The Quarterly Journal of Austrian Economics
- Discipline: Economics
- Language: English
- Edited by: Joseph Salerno

Publication details
- Former name: Review of Austrian Economics
- History: 1987–present
- Publisher: Ludwig von Mises Institute (United States)
- Frequency: quarterly

Standard abbreviations
- ISO 4: Q. J. Austrian Econ.

Indexing
- ISSN: 1936-4806 (print) 1098-3708 (web)
- LCCN: 99100420
- OCLC no.: 53929018

Links
- Journal homepage; Online archive;

= Quarterly Journal of Austrian Economics =

The Quarterly Journal of Austrian Economics is a quarterly peer-reviewed academic journal covering heterodox economics published by the Ludwig von Mises Institute. It was established in 1998 after the Murray Rothbard-created publication, The Review of Austrian Economics, was transferred to other editors and then to George Mason University. The journal covers economics from an Austrian School perspective. The current editor-in-chief is Joseph Salerno.

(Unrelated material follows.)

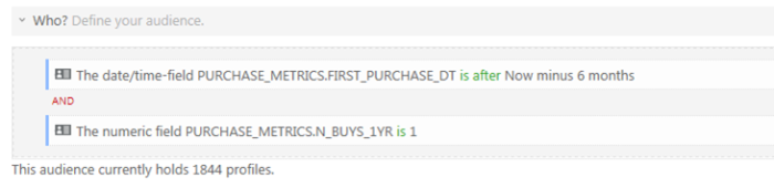 The segment ‘First time buyer’ is based on data coming from a profile extension PURCHASE_METRICS in Selligent. They should have bought once this year, less than six months ago.

A 2010 study identified 62 regularly published heterodox journals and used various empirical criteria to compare several aspects of their research quality. The Quarterly Journals Bibliographic Ranking was ranked 33rd out of the 62 heterodox economics journals surveyed; its reputation among peers (both mainstream and heterodox) was ranked 57th.